Barry Agonistes

By Alvaro Zinos-AmaroJune 24, 2013

Barry Agonistes

The Very Best of Barry N. Malzberg by Barry Malzberg

REMEMBER THAT OLD joke about the senior citizen driving down the freeway who gets a call from his wife warning him that some maniac is on the news driving the wrong way? In our world, the man responds that there isn’t just one such maniac going the wrong way, but hundreds, and we chuckle. In the universe of Barry Malzberg’s fiction, the joke might go something like this: after several moments of tense dialogue in which the man and woman reflect on their estrangement and lack of sexual compatibility, the driver puts down the phone while his wife is still talking, realizes that reality has somehow parallax-shifted into a world where people are indeed driving the wrong way — everyone except him — and then wonders whether, after years of untenable pressure, he hasn’t simply gone insane. Immediately thereafter he’s killed in a mordantly described head-on collision, and during his final moments of consciousness the narrative fractures into a few elliptical yet cutting ruminations on the existential meaninglessness of modern life. The joke, as this long overdue retrospective collection by Barry N. Malzberg makes painfully clear, is on us. And yet these thirty-two stories from the last four decades are crafted with such intensity, artistry, and originality that we somehow still manage to chuckle when we get to the punch line (or, in some cases, the knockout blow). 


Malzberg’s relationship with the SF field has always been contentious. Read these stories and you’ll see why. They’re full of depressed, unstable characters, often trapped in hopelessly decadent or insoluble situations that subvert the genre’s conventions or ignore them altogether. Malzberg excels at departing from and satirizing standard tropes or expectations such as the “competent hero” or the “hard SF puzzle story,” and for the unsuspecting reader that can be an upsetting experience. Andrew Butler’s recent study of 1970s science fiction, Solar Flares, characterizes Malzberg’s novels from this period (his heyday in terms of productivity) as “amphicatastrophic” — which is to say, narratives that are “neither cheering nor cathartic,” offer “neither escapism nor consolation.” This is also an accurate description of Malzberg’s short fiction.


Because Malzberg’s perspective on SF so heavily informs his approach to its composition, it’s worth discussing what that perspective is. An earlier non-fiction collection, the Hugo-nominated Breakfast in the Ruins, provides a thorough record of Malzberg’s experiences — disappointments, primarily — in SF, rendered through a series of painfully candid, often scathing essays. In the Introduction to that book, Malzberg claimed that “the history of science fiction is a history of failure,” and proceeded to acerbically flesh out that thesis for several hundred pages. In a way, his fiction furthers this same embittered view, and rarely has failure been so successfully and exquisitely wrought in fictional form — especially when Malzberg writes “recursive” pieces, stories that deconstruct the assumptions of the genre and castigate its practitioners for lack of talent, moral rectitude, and so on.

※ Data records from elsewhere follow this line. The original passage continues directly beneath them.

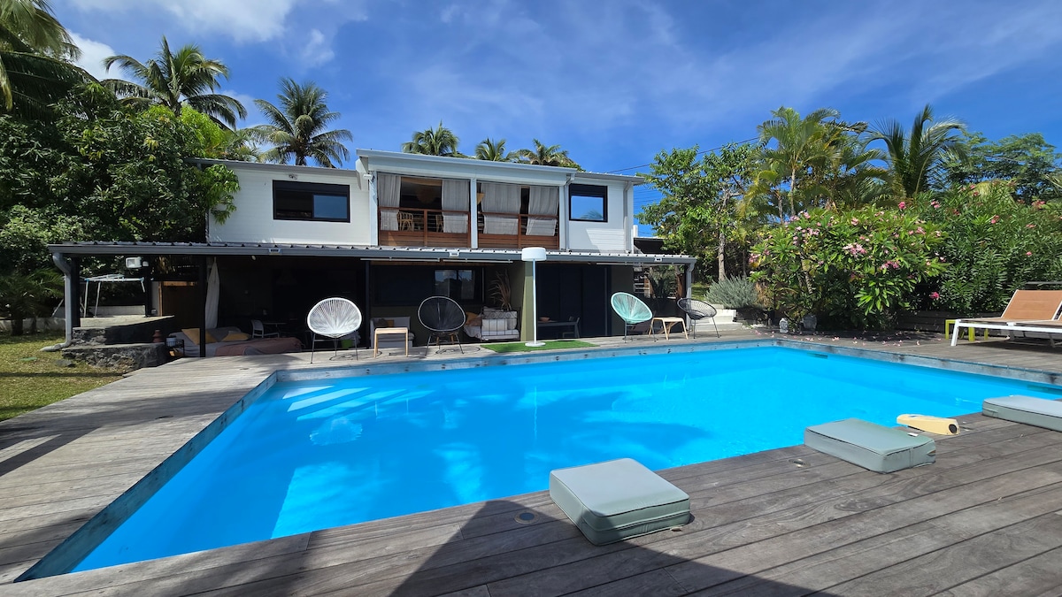 Idealmente localizada para caminhadas e praia à tarde, esta pequena residência da arquitetura crioula é composta por 4 bangalôs 4p e 2 bangalôs 2p. Todo feito de madeira com ventilação natural, seu bangalô é rebaixado em um jardim tropical com vista para a piscina, o mar e a montanha. Está equipado com uma cozinha acoplada, terraço, chuveiro e quarto. A 400 m da lagoa e 2 km do centro da cidade, recarregue suas baterias, aproveite a vida, com facilidade... Les Pecheurs du Lagon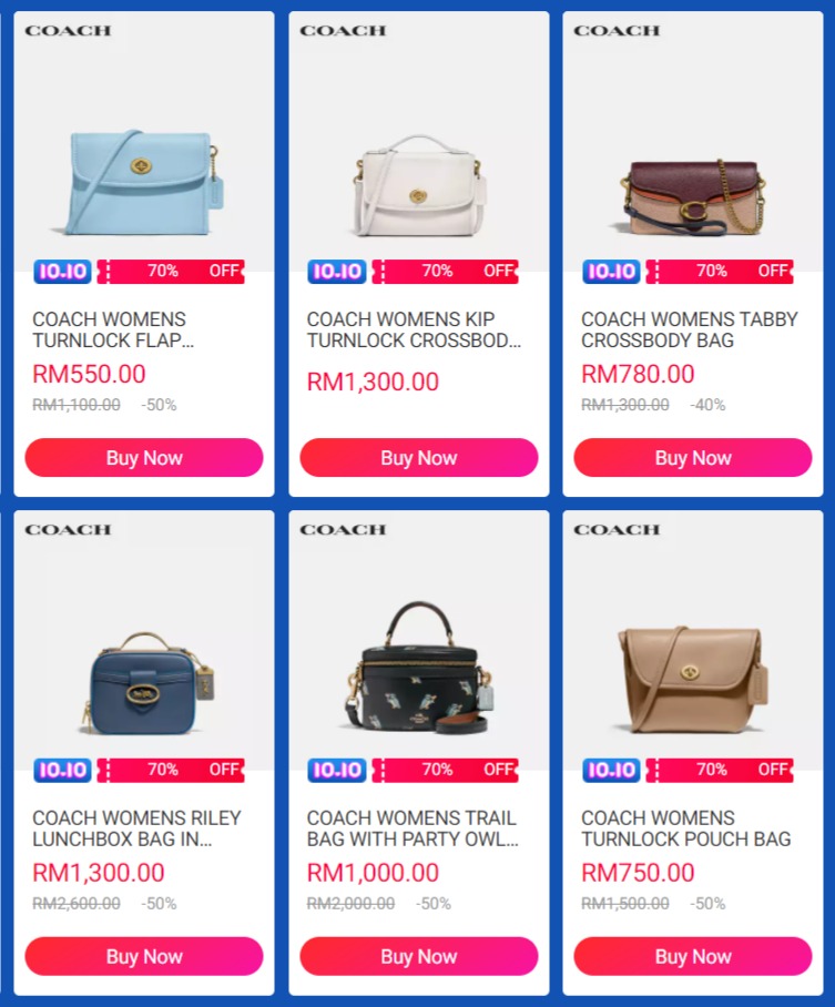 ② Coach – 折扣高达60% + 高达RM150折扣 + 免邮服务 + 送Free Gift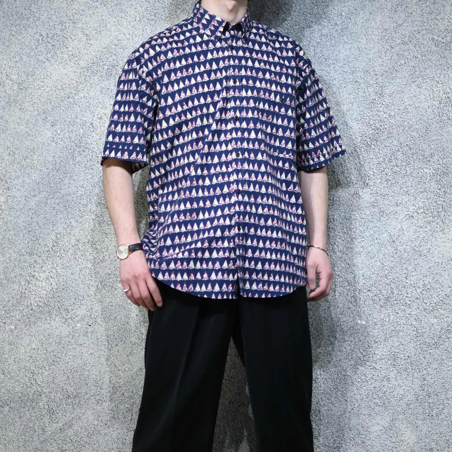 着丈74cm(前)82cm(後) 肩幅54cm 身幅63cm 袖丈27cm fabric/cotton 着用画像 177cm/64kg 赤、赤、赤、黄色、黄色、赤、黄色....... 2色のヨットが規則正しく、されど順不同に並んだ 半袖シャツ。 現時点で評価されたアイテムは、間違いなく 良いアイテムであることは間違いないですが、 そうじゃなくて、自分が思う良いアイテムとして 評価出来た1着。 程よく面白い古着。 ※撮影状況により、実物と多少色が異なる場合が ございます。 ※古着を取り扱っているため、気づかない汚れや ほつれ等がある場合がございます。 予めご了承ください。 ※サイズは着用感で選んでおり、表記サイズではございません。 古着 オーバーサイズ old vintage ヴィンテージ used 80's 90's アメリカ古着 ユーロ古着 メンズ レディース POLO RALPH LAUREN Eddie Bauer OLD GAP Eddie Bauer LANDS' END ランズエンド LLBean エルエルビーン オールドギャップ エディーバウアー ラルフローレン ブルックスブラザーズ Brooks Brothers などがお好きな方 #vintage #オーバーサイズ #old #used #90s #80s #古着 #ヴィンテージ #アメリカ古着 #ユーロ古着 #古着男子 #古着女子 #LLBean #エルエルビーン #EddieBauer #エディーバウアー #oldgap #オールドギャップ #LANDSEND #ランズエンド #NAUTICA #ノーティカ #ラルフローレン #POLORALPHLAUREN #ブルックスブラザーズ #BrooksBrothers #半袖シャツ #柄シャツ #総柄シャツ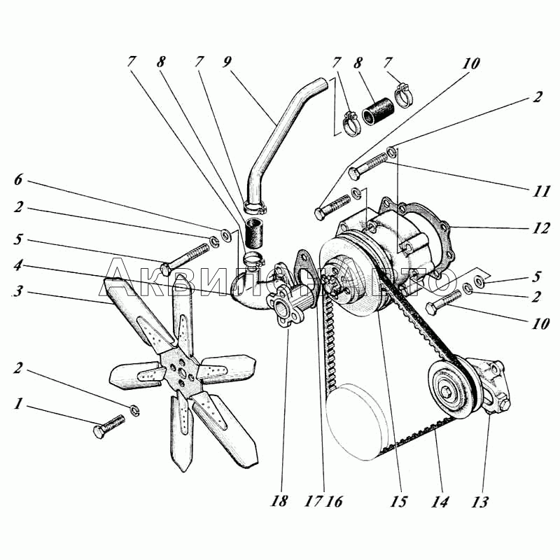| 444-13с1 | Насос водяной и вентилятор | ||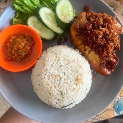 Nasi daun jeruk+ayam goreng lengkuas+lalapan
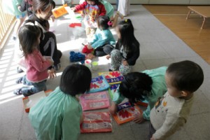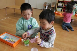 今日は、今月の縦割り保育「お店屋さんごっこ」の品物作りをしました(*^_^*)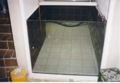 Temperaturfühler. Einsetzen und Eindichten der 2 cm starken Glasscheibe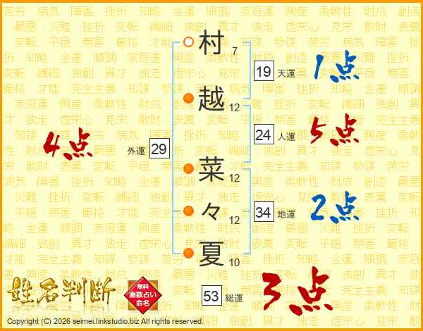 村(7画)越(12画) 菜(12画)々(12画)夏(10画)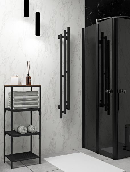 Полотенцесушитель Sky PRO в оттенке Черный Муар имеет встроенный терморегулятор и настраиваемый таймер на отключение. С ним можно установить комфортную температуру, выбрав один из трех режимов, 40,45, 50 градусов.  Нержавеющий полотенцесушитель очень функциональный, он предотвратит появление лишней влажности и плесени, просушит текстильные изделия, а дополнительные крючки послужат вешалкой для полотенец, их будет удобно хранить, и они всегда будут сухими.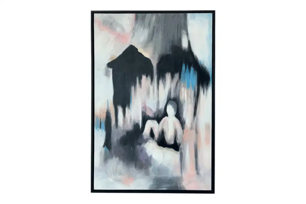 The Hailee painting is full of energy and contrasting colours. Pinks, blues and blacks create a moody yet lively piece for any wall.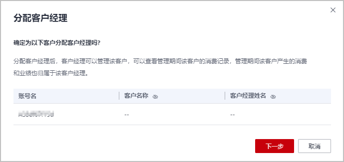 - 在“客户列表”中选择客户后,单击“操作”列的“更多 > 分配客户经理”,进入分配客户经理页面,单击“下一步”。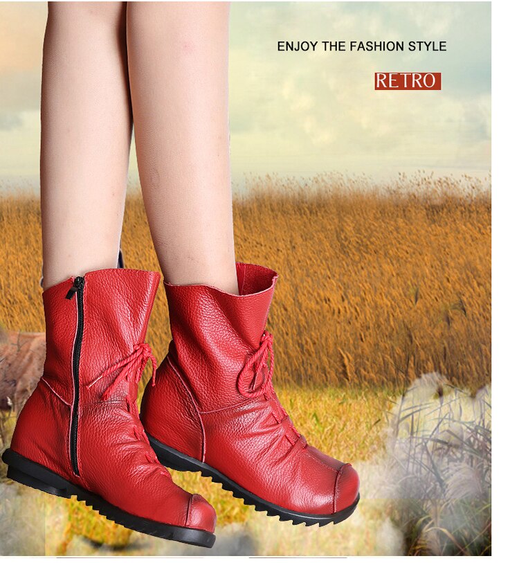 Vintage Look Winter Low Heel Casual Female Short Boots - Image 4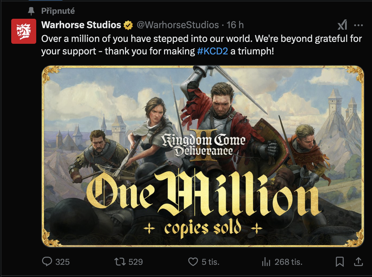 Kingdome Come Deliverance 2 od pražského studia Warhorse je hitem. Že jde pravděpodobně o jednu z nejlepších her letošního roku dokazují nejen skvělé recenze, ale i čísla. Vývojáři včera oznámili, že se prodalo už milion kopií. K tomuto oznámení došlo necelých 24 hodin po oficiálním spuštění hry.

Malzberg began publishing genre short stories in the late 1960s and in 1973 gained notoriety by winning the first John W. Campbell Memorial Award for his novel Beyond Apollo, a savage critique of the manned space program. But this wasn’t the main reason that he became “the center of controversy throughout the 1970s,” notes Mike Resnick, editor of the 1994 collection The Passage of the Light: The Recursive Science Fiction of Barry N. Malzberg. Rather, observes Resnick, it was Malzberg’s fictionalized comments on SF itself that made him unpopular: “You can’t attack the dream without drawing screams of outrage, and Malzberg drew enough to last half a dozen lifetimes.”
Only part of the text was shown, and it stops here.